- Born: 1954 Arroyo Seco, New Mexico, USA
- Occupation: Associate professor

= Larry Torres =

American foreign languages educator

Larry Torres is an American writer and educator who was an associate professor of foreign languages at the University of New Mexico in Taos, New Mexico. He has taught Russian, French, Spanish, English, bilingual education and ancient languages. In 2003, he was the head of the university's Fine Arts and Culture Department. He is also a founding member of the Governor's School for International Studies in Tennessee.

Torres is the author of Six Nuevomexicano Folk Dramas for Advent Season and has contributed to a number of other works. He is regularly recognized for his expertise in the culture and folklore of northern New Mexico.

In May 2019, Torres announced his retirement from teaching.

==Early life==
Larry Torres is the second of eight children born to parents who, themselves, never completed high school.

== Awards and recognitions ==

Torres has received a number of awards for his work in the field of education. He was a recipient of the Walt Disney Corporation's Outstanding National Foreign Language Teacher of the Year Award in 1992. In 1993, he received the National Educator Award. He was also a recipient of the Golden Apple Award for which he received a scholarship and sabbatical to continue his research.

Torres has been named Outstanding New Mexican of the Year twice. Torres was given the Camino Real Award as one of 15 Outstanding New Mexicans for 1996.

In 1998, his radio talk show Cafecito y Cultura won first place for best public service from the Associated Press and in 1999 his radio show Paso a Paso won a first place for best documentary on the airwaves, also by the Associated Press of New Mexico.

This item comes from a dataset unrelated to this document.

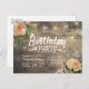 Birthday Party Flowers Rustic Wood String Lights Invitation Postcard
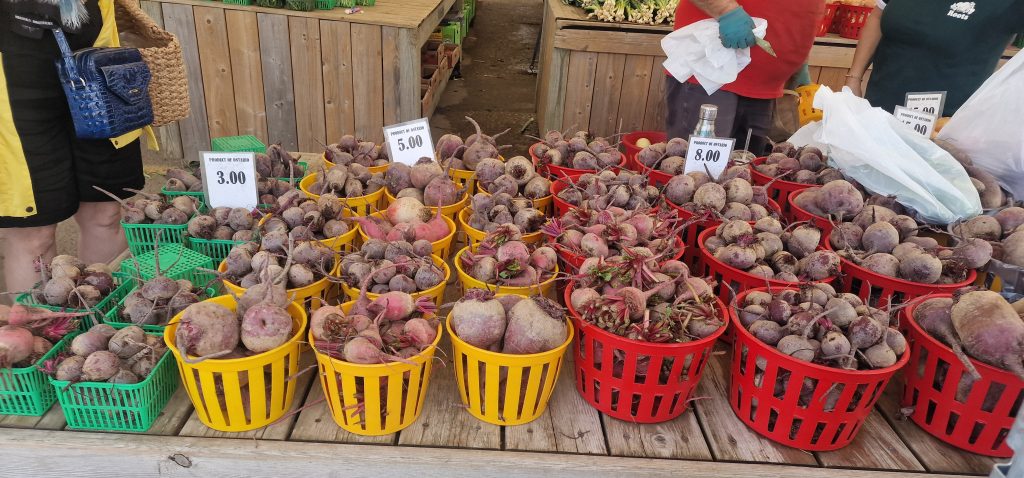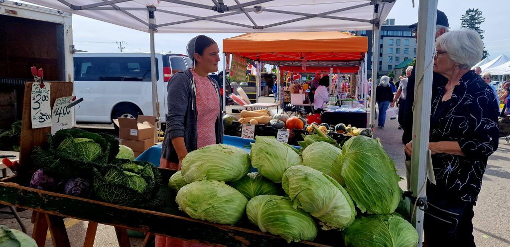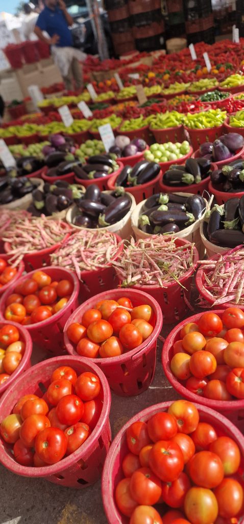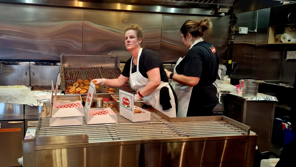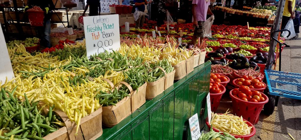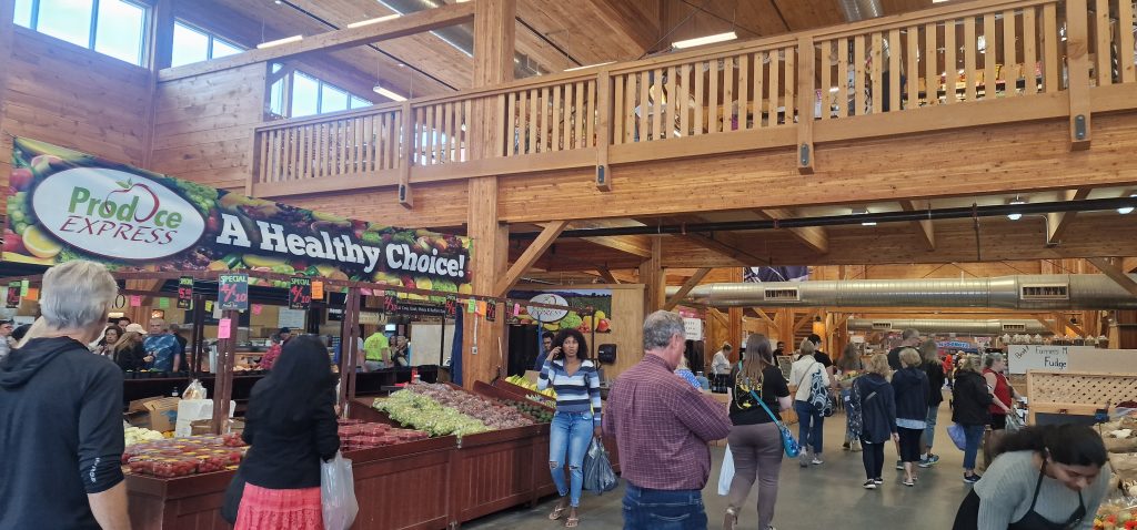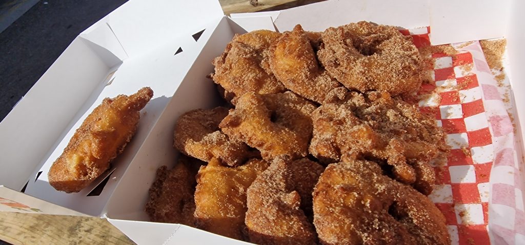 Wir fuhren auf den Farmers Market.Wir essen Apple Fritters, in Teig frittierte Apfelringe.Tasty!

In 2003, Torres received a grant through the United States Department of Agriculture (USDA) to work with New Mexico State University in the development of material for the teaching of first generation Hispanic students at the university level. Its focus is on cultural sensitivity training and enhancement.

==Public appearances==
In 2005, he appeared on the television show Good Morning America and in 2008 on NBC's The Today Show to discuss the Taos Hum. He has also appeared on The Tonight Show with Jay Leno and the national radio show America Tonight.

==Works==
===Books===
- Núñez, Guillermina (1992). "Yo seigo de Taosi: ensayos culturales Nuevo Mexicanos"
- Torres, Larry (1999). "Six Nuevomexicano Folk Dramas for the Advent Season"
- Torres, Larry (2010). "Cruising the Camino Real"
- Torres, Larry (2010). "In the Footsteps of the Hermit"
- Torres, Larry (2021). "The Children of the Blue Nun"
- Torres, Larry. "Habla Usted Spanglish"

===Podcasts===
- Torres, Larry (2012). "In the Footsteps of the Hermit"

===Articles===
- "Habla Usted Spamglish?" weekly column in The Taos News.
- "Growing up Spanglish" weekly column in The Santa Fe New Mexican.
- Four entries in the Hispanic American Religious Culture.
- Multiple entries in the Sacred Places of Taos.